As the national economy continues to shed jobs, cities are looking for ways to grapple with high levels of unemployment. In Las Vegas, Mayor Oscar Goodman is hoping that construction of a new City Hall will spur new development in the city's central business district. New York City Mayor Michael Bloomberg touted his Five Borough Economic Opportunity Plan, which includes job training initiatives, programs to assist small businesses, and capital construction projects.
In Los Angeles this week, Mayor Antonio Villaraigosa hired former investment banker Austin Beutner to fill the newly-created position of First Deputy Mayor and Chief Executive for Economic and Business Policy. The First Deputy Mayor will be charged with accelerating job creation. "He will drastically change the City's approach to job creation and economic development," Villaraigosa announced on Monday.

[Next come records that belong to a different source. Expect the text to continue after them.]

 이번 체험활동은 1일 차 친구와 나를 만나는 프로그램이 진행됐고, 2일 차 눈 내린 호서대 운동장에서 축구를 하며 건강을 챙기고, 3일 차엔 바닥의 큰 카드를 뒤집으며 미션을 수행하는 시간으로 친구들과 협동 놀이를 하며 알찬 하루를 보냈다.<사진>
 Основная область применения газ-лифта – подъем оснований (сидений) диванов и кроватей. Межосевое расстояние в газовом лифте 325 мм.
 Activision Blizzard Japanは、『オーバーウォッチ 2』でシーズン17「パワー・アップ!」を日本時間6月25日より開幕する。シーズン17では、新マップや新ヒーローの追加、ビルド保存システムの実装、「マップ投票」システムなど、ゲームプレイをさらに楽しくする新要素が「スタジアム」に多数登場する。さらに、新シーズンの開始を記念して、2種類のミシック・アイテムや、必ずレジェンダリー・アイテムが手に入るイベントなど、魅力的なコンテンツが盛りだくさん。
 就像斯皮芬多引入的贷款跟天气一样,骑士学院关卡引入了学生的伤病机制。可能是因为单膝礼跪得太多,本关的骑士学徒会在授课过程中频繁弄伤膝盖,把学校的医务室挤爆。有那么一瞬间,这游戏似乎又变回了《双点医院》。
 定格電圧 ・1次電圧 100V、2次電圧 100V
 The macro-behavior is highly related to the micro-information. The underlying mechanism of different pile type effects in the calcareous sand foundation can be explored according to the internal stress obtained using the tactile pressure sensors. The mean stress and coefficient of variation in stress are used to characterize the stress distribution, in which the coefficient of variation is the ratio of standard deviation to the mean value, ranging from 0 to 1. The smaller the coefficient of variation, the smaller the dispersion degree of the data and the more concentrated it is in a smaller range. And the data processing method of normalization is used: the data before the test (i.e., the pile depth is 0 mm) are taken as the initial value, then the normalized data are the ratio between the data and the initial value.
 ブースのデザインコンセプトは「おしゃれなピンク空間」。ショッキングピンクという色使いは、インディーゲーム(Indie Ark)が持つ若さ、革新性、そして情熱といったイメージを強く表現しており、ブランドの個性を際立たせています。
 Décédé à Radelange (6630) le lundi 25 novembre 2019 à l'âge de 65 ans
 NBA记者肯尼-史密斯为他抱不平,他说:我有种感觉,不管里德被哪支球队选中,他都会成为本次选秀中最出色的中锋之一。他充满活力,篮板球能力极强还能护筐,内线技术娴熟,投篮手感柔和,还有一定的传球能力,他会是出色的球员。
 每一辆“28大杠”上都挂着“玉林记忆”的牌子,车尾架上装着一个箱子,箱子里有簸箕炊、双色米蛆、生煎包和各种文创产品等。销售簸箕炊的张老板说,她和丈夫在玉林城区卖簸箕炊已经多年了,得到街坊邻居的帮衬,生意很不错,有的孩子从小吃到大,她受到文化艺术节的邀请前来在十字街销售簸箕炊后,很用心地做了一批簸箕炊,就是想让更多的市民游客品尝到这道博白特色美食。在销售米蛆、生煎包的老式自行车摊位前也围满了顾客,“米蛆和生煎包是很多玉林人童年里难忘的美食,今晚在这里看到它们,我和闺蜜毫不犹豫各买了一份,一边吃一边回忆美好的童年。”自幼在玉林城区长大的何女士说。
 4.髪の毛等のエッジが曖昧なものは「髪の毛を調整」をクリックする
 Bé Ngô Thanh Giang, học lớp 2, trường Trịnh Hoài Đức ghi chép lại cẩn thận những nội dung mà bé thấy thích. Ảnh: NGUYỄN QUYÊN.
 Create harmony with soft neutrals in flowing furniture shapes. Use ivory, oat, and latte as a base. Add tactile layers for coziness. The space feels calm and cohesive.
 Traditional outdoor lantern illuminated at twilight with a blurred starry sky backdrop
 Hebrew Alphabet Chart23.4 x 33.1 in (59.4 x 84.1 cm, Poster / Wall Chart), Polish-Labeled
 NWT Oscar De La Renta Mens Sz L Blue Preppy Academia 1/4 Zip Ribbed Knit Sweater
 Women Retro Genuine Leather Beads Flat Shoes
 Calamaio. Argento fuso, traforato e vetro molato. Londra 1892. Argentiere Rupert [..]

The Wall Street Journal reports that Beutner will have broad powers, "About half of city government departments--from the Port of Los Angeles to the city's sprawling Department of Water and Power utility--will report directly to him."
Beutner gives some hints about how he intends to use these powers. He will take steps to "make Los Angeles the most business-friendly city in the country."
But what characteristics make a city more or less business friendly? Is it simply low tax rates and minimal regulation? The Los Angeles County Business Federation would say yes: "We have a city government that thinks last about the effects of laws and regulation on the business community, and how [they] affect businesses staying in Low Angeles and new business coming into the city."
I would argue that both taxes and regulation are essential functions of local government that actually serve the interests of business. Of course there are instances in which certain taxes can incentivize the wrong types of behavior or when some regulations may be outdated or no longer serve their intended purpose.
But overall, businesses need cities to provide high-quality services and public goods: public education, sanitation, transportation, public safety, and public parks, to name a few. Businesses also need a regulatory environment that provides safety and accountability both for businesses and customers. No restaurant wants to be fined for a health code violation, but customers demand that city inspectors will protect their health and safety.
Beyond providing services and protecting public health and safety, I would argue that cities can play an even more meaningful role. Writing for the Nation in 2005, Peter Dreier writes of Mayor Villaraigosa's election victory earlier that year, "He needs to be a new kind of probusines mayor--by redefining a 'healthy business climate' to mean prosperity that is shared by working people, one that lifts the working poor into the middle class."
If you think about it, does a city made up of the working poor really constitute a healthy business climate? Not if you consider how private capital tends to flee low-income neighborhoods, how property values suffer, and how low-income families have less disposable income to spend on good and services. Not if you consider the educational outcomes of children in poverty and how businesses are attracted to cities with highly-skilled workers.
Progressive policies that promote higher wages for working families and provide basic benefits, like the right to take off of work when you are sick, can actually create a stronger business climate. Let's hope that Los Angeles' new jobs czar realizes this as well.